This guide exists to fix that. Below you'll find 100+ active pre-seed angel investors, organized by region and focus area, alongside everything you need to know about how the pre-seed funding world actually works in 2026. Not the theory. The mechanics.
Quick Takeaways
Pre seed angel investors are individuals writing checks of $25K to $500K before significant traction exists, betting primarily on the team and market opportunity.
In 2026, most pre-seed rounds are structured as SAFEs (Simple Agreements for Future Equity) rather than priced equity rounds.
Average pre-seed round sizes have climbed to $1M–$2M, though many founders still close $250K–$750K from a combination of angels.
The "ask for advice" approach to outreach consistently outperforms a direct fundraising pitch when cold-contacting angels.
Warm introductions through shared connections convert at significantly higher rates than cold outreach on any platform.
Geographic concentration is loosening: remote-first companies and international teams now account for over 40% of pre-seed deals, according to tracking data from Growthlist.
What Is a Pre Seed Angel Investor?
A pre seed Angel Investor is a high-net-worth individual who provides capital to startups at the earliest stage, often before a product is built or revenue exists, in exchange for equity, typically 5% to 15% of the company. In 2026, pre-seed check sizes generally range from $25K to $500K, with most angels writing individual checks of $50K to $250K.
Unlike Venture Capital funds, angels invest their own money. That means decisions happen faster, paperwork is lighter, and the relationship is more personal. It also means they have different motivations: some angels are operators who want to stay close to the ecosystem, others are financial investors looking for asymmetric returns, and a growing number are former founders who want to pay it forward.
What makes a pre seed angel different from a seed stage VC? A few things. Angels are comfortable with thin or zero traction. They don't need a SAR or a cohort analysis. They're betting on you and the market, not on proven numbers.
Pre Seed vs. Seed: What's the Actual Difference?
Founders confuse these two stages constantly. They pitch seed investors too early, get ghosted, and assume the market isn't interested. Usually the market is interested. They just knocked on the wrong door.
Here's a clean breakdown:
Factor | Pre Seed | Seed |
|---|---|---|
Stage | Idea to prototype | MVP with early validation |
Typical raise | $100K–$2M | $1M–$5M |
Investors | Angels, friends/family, micro-VCs | Seed VCs, angels, accelerators |
Traction required | Low to none | Some (users, pilots, early revenue) |
Main bet | Team + market size | Team + early product-market fit signals |
Deal structure | SAFE or convertible note | Often priced equity round |
Timeline to close | 2–8 weeks | 6–16 weeks |
The core difference: seed investors are validating a hypothesis. Pre seed investors are backing a person. If you don't have traction yet, that's fine. That's what pre seed is for.
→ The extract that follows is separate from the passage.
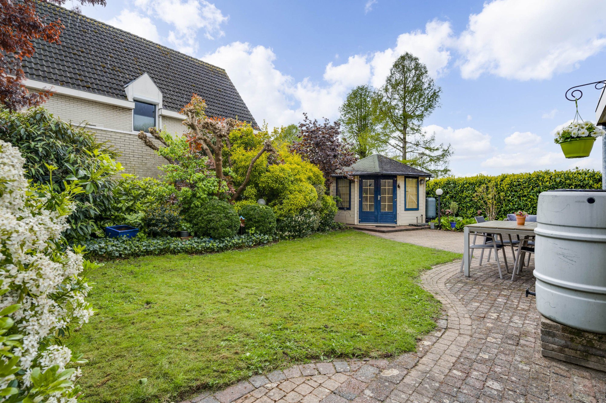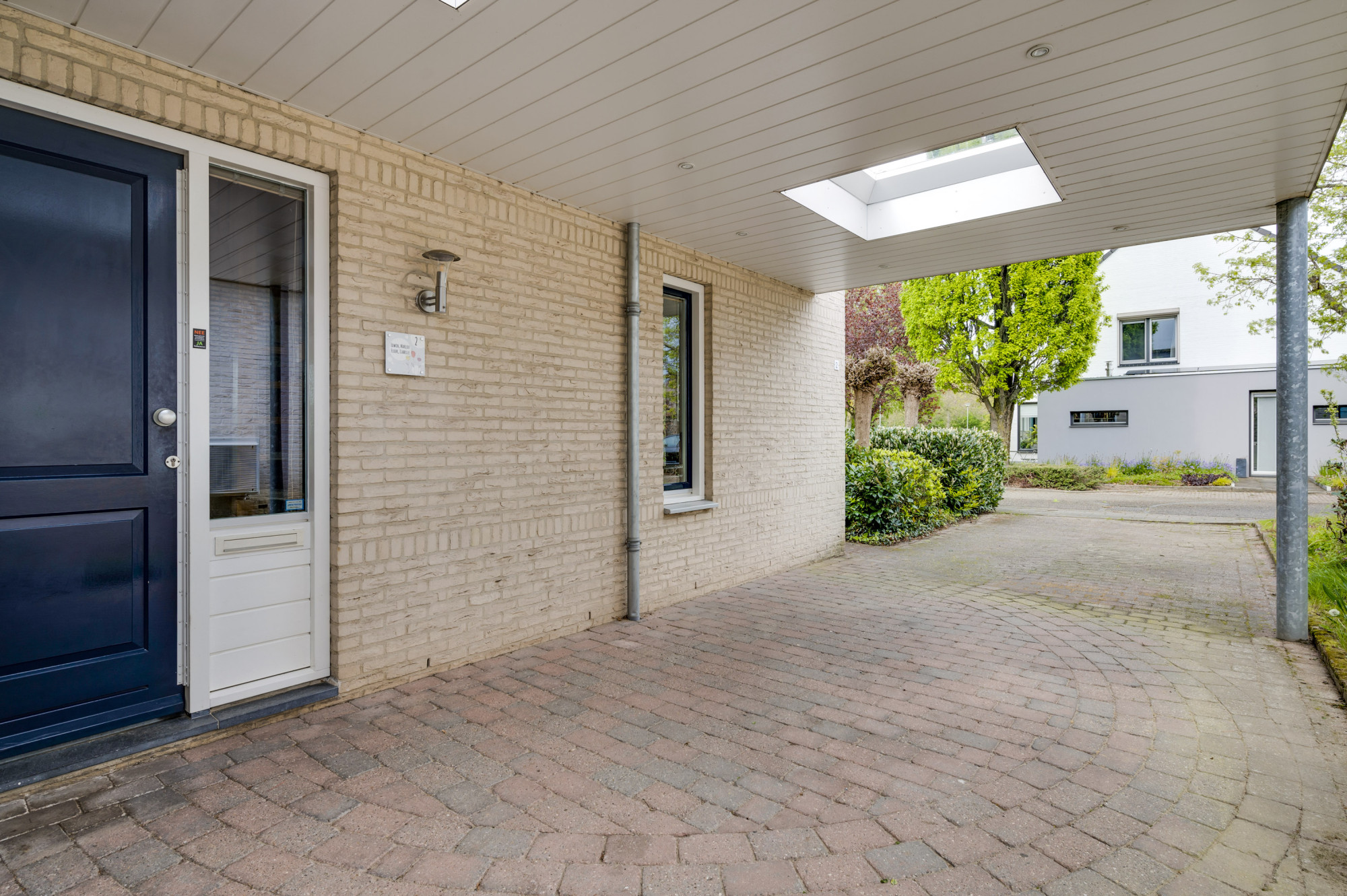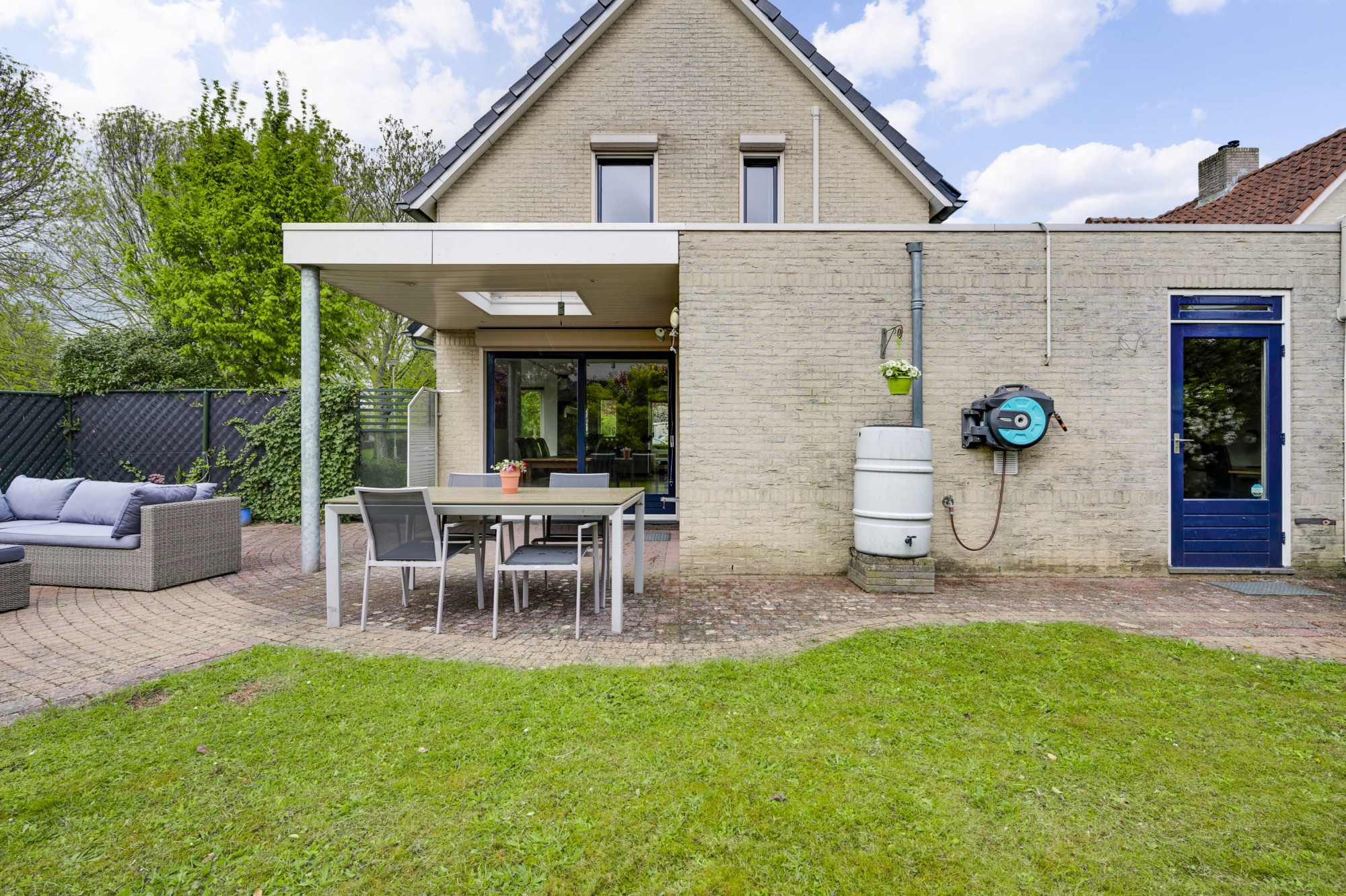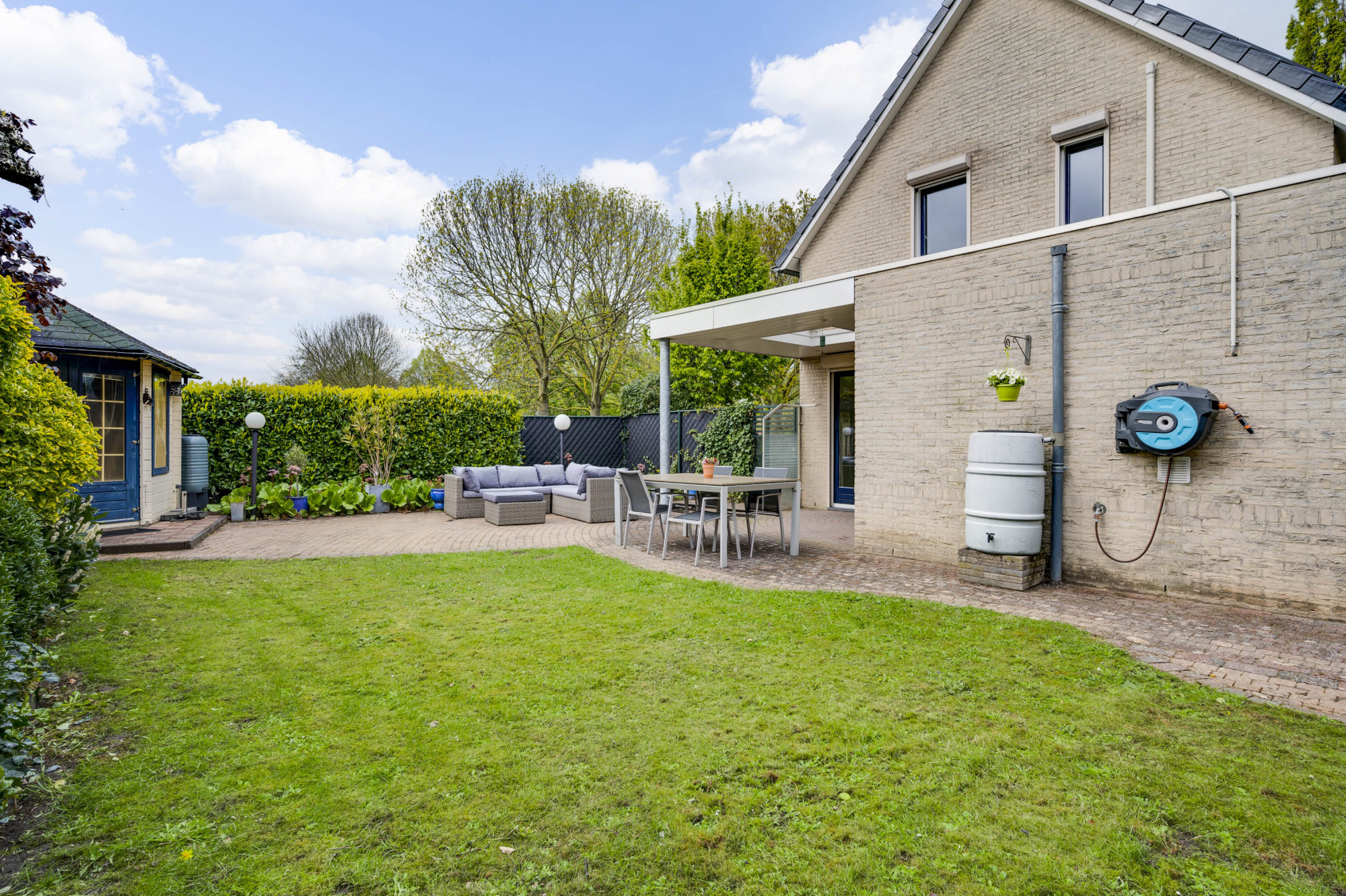 Aan de voorzijde van het perceel is een diepe oprit gelegen met een carport, die plaats biedt aan twee voertuigen. Middels een vrije achterom is de achtertuin toegankelijk. De achtertuin is aangelegd met een royaal beklinkerd terras met overkapping, houten tuinhuisje, gazon, diverse borders met beplanting en een natuurlijke erfafscheiding.

How Much Do Pre Seed Angels Typically Invest?
Check sizes at the pre seed stage vary more than any other funding level, because there's no standard. Here's what actually happens in practice:
Micro rounds ($50K–$250K): Common for very early ideas, solo founders, or non-tech companies. Often structured as a rolling SAFE with no minimum.
Standard pre-seed rounds ($250K–$1M): The most common range for software and SaaS startups. You'll typically assemble 3–8 angels to hit this target.
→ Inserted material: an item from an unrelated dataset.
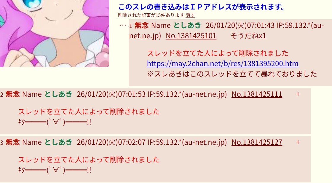 | … | PLAY 92 無念 Name としあき 26/01/20(火)15:16:23 No.1381491821 delそうだねx1プリキュアがんばえー |

Jumbo pre-seed rounds ($1M–$5M+): Reserved for AI companies, deep tech, or founders with prior exits. These usually involve at least one institutional micro-VC anchoring the round alongside angels.
According to data tracked by Growthlist, average pre-seed round sizes have increased from $500K–$750K a decade ago to $1M–$2M today, reflecting both higher startup operating costs and increased competition among micro-VCs. That said, median round sizes remain lower, with many companies still closing $500K–$750K.
Pro Tip: Don't raise the maximum you can justify. Raise enough to hit one meaningful milestone, then use that milestone to price your seed round properly. Overcrowding your cap table at pre-seed with too many small angels creates problems later.
What Do Angel Investors Actually Look For at Pre Seed?
At this stage, angels can't rely on metrics because there are none. So what drives a yes? These five things come up again and again when angels talk about what makes them write a check.
1. Founder-market fit Not just "passion." Relevant expertise. Why are you the right person to solve this specific problem? An angel wants to believe you've lived the problem or spent enough time close to it that you see something others don't.
2. Market size Angels know most startups fail. The ones that don't need to be able to become big companies. Total Addressable Market (TAM) should be at least $1B if you want serious angel interest. That doesn't mean you'll capture it all. It means the ceiling is high enough to make the risk worthwhile.
3. Early signals (even tiny ones) You don't need revenue. But waitlists, pilot conversations, letters of intent, or even just 30 user interviews showing sharp demand differentiate you from someone with a deck and nothing else. Angels call this "proof of hustle." It's evidence that real people have some interest in what you're building.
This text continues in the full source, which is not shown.